Python 爬虫与网页解析

20 Jun 2018

ajax技术的核心是XMLHttpRequest对象(简称XHR)

创建一个XHR对象，也叫实例化一个XHR对象，因为XMLHTTPRequest()是一个构造函数。下面是创建XHR对象的兼容写法

	var xmlhttp;
	if (window.XMLHttpRequest)
  	{// code for IE7+, Firefox, Chrome, Opera, Safari
  		xmlhttp=new XMLHttpRequest();
  	}
	else
  	{// code for IE6, IE5
  		xmlhttp=new ActiveXObject("Microsoft.XMLHTTP");
  	}

[注意]如果要建立N个不同的请求，就要使用N个不同的XHR对象。当然可以重用已存在的XHR对象，但这会终止之前通过该对象挂起的任何请求

GET 请求

一个简单的 GET 请求：

xmlhttp.open("GET","demo_get.asp",true);	
xmlhttp.send();

GET 还是 POST？

与 POST 相比，GET 更简单也更快，并且在大部分情况下都能用。然而，在以下情况中，请使用 POST 请求：

无法使用缓存文件（更新服务器上的文件或数据库）
向服务器发送大量数据（POST 没有数据量限制）
发送包含未知字符的用户输入时，POST 比 GET 更稳定也更可靠

xmlhttp.open(“POST”,”ajax_test.asp”,true); xmlhttp.setRequestHeader(“Content-type”,”application/x-www-form-urlencoded”); xmlhttp.send(“fname=Bill&lname=Gates”);

Python-第三方库requests

Requests 是用Python语言编写，基于 urllib，采用 Apache2 Licensed 开源协议的 HTTP 库。它比 urllib 更加方便，可以节约我们大量的工作，完全满足 HTTP 测试需求。Requests 的哲学是以 PEP 20 的习语为中心开发的，所以它比 urllib 更加 Pythoner。更重要的一点是它支持 Python3 ！

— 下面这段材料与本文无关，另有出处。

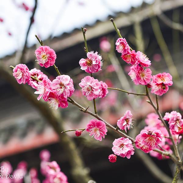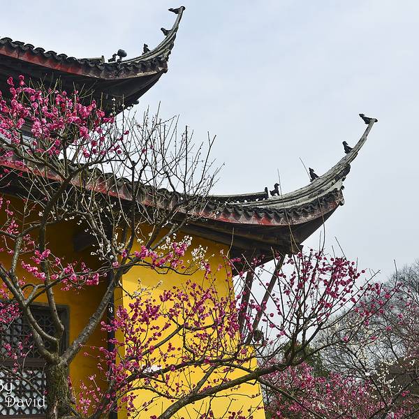 红梅阁原先是道教的圣地,因此墙面是黄色的呢,梅花以黄色为背景会显得特别漂亮
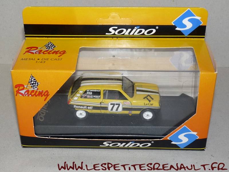 Modèle : Renault 5 RSAnnée : 1980 Couleur : Jaune Fabriquant : Solido Référence : -- Collection : -- Matière : Zamak, châssis plastique Série limité : Non Boitage : Boite cristal 6x15, surboite Solido racing Commentaires : Décoration Le Car. Transkit sur base Solido |
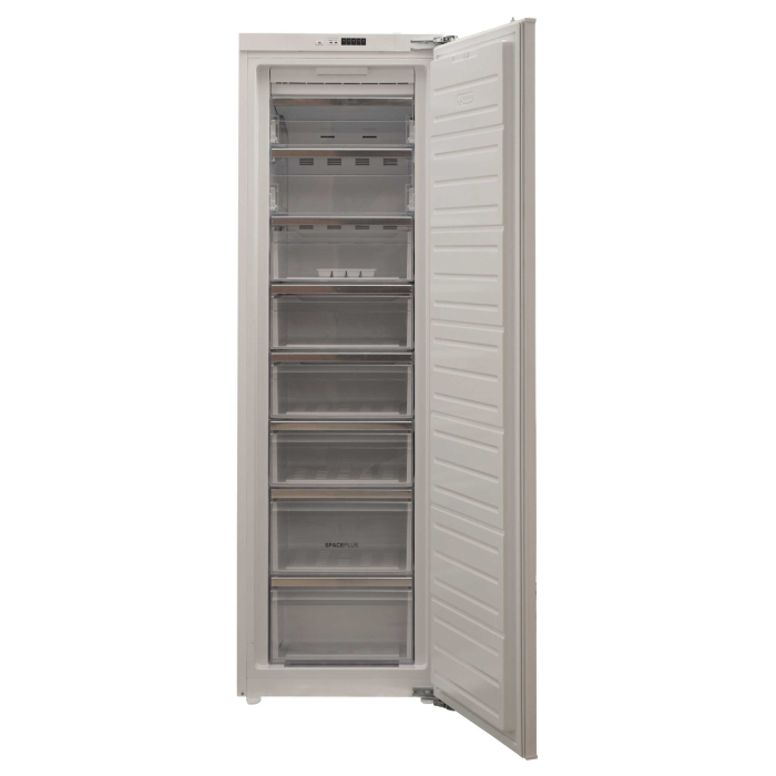 Встраиваемая морозильная камера, Электронное управление, Класс энергопотребления: А+, Система автоматической разморозки NoFrost, Режим «Супер заморозка», LED освещение камеры, Ящик увеличенного размера SpacePlus, Жесткое крепление двери, Перенавешиваемая дверь, Объем морозильного отделения: 197 л, Габаритные размеры (в/ш/г), 1770х540х545 мм.
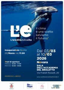 Novara - Arriva a Novara dal 3 al 10 marzo la mostra “L’eredità della vita. Il clima è una scelta: salviamo il futuro”, realizzata nell’ambito del progetto “Cambio io, cambia il mondo: pensare globalmente, cambiare interiormente, agire localmente”. Il progetto è promosso e coordinato dalla Fondazione Be The Hope e finanziato con i fondi dell'8x1000 dell'Istituto Buddista Italiano Soka Gakkai. L’evento, con il patrocinio del Comune di Novara, è dedicato alla crisi climatica e alle azioni che ognuno può fare per affrontarla con speranza e ottimismo. L’inaugurazione si svolge alle ore 17.00 di martedì 3 marzo 2026 nella Sala dell’Accademia del Broletto, in via F.lli Rosselli 20, a Novara. L’ingresso è libero.
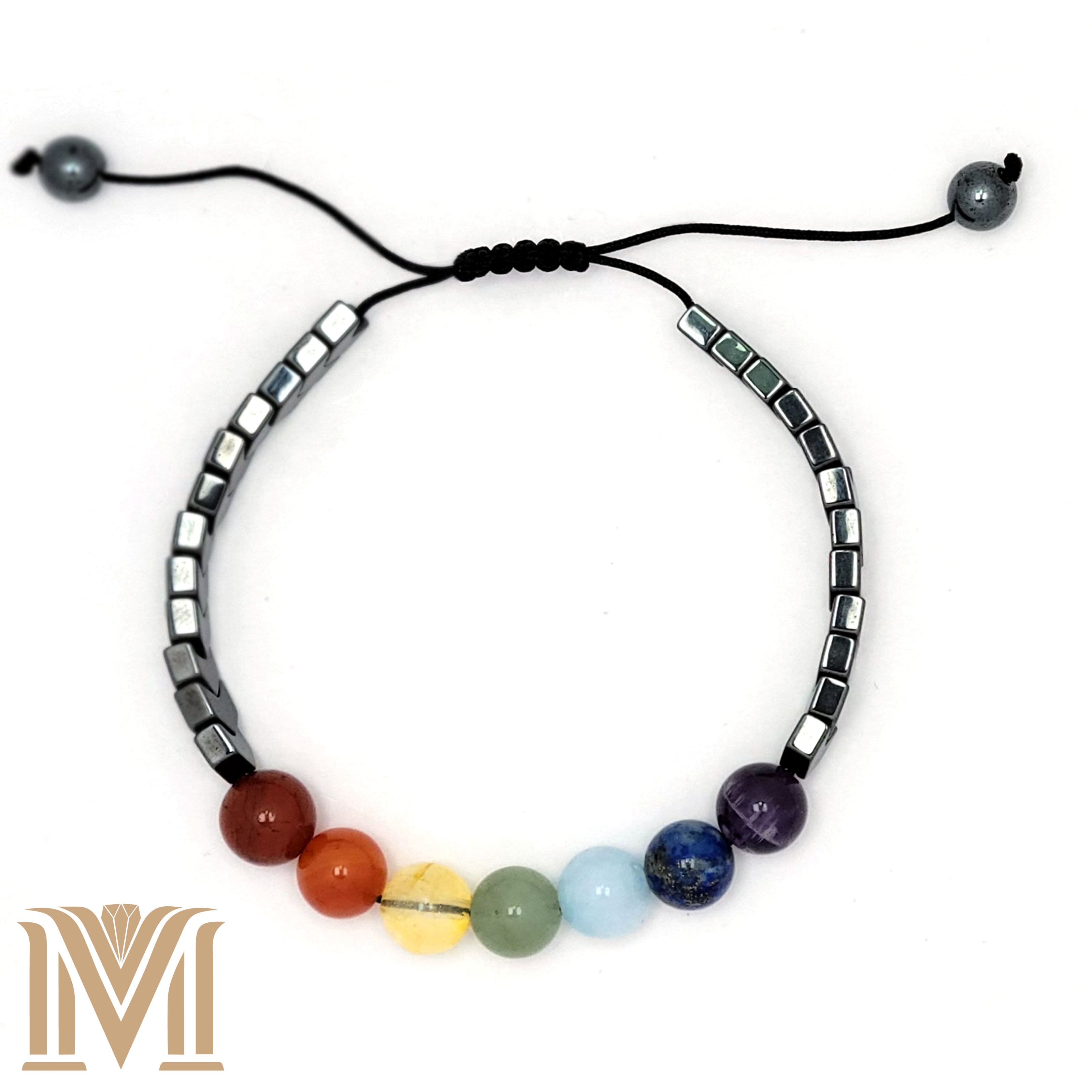 Experience equilibrium with the Chakra Balance Bracelet, a symphony of the earth's vibrations on your wrist. This unisex accessory, adjustable for a tailored fit, encapsulates harmony in its design, where robust hematite segments meet the vivid hues of the seven chakras. Each bead represents a chakra, starting with the grounding red jasper, through the passionate carnelian, the luminous citrine, heart-centering green aventurine, serene aquamarine, the intuitive lapis lazuli, to the crown's amethyst.

Beautiful is better than ugly.(美丽优于丑陋) Explicit is better than implicit.(清楚优于含糊) Simple is better than complex.(简单优于复杂) Complex is better than complicated.(复杂优于繁琐) Readability counts.(重要的是可读性)

Python3 解析 html

HTMLParser

python 自带了一个类，叫 HTMLParser。我们用的时候需要自己定义一个类，继承自 HTMLParser, 然后重写一部分方法:

from html.parser import HTMLParser

class MyHTMLParser(HTMLParser):
    def handle_starttag(self, tag, attrs):
        print("Encountered a start tag:", tag)

    def handle_endtag(self, tag):
        print("Encountered an end tag :", tag)

    def handle_data(self, data):
        print("Encountered some data  :", data)

parser = MyHTMLParser()
parser.feed('<html><head><title>Test</title></head><body><h1>Parse me!</h1></body></html>')

result:

Encountered a start tag: html
Encountered a start tag: head
Encountered a start tag: title
Encountered some data  : Test
Encountered an end tag : title
Encountered an end tag : head
Encountered a start tag: body
Encountered a start tag: h1
Encountered some data  : Parse me!
Encountered an end tag : h1
Encountered an end tag : body
Encountered an end tag : html

BeautifulSoup

BeautifulSoup 是一个用于解析 HTML 文档的 Python 库，通过 BeautifulSoup，你只需要用很少的代码就可以提取出 HTML 中任何感兴趣的内容，此外，它还有一定的 HTML 容错能力，对于一个格式不完整的HTML 文档，它也可以正确处理。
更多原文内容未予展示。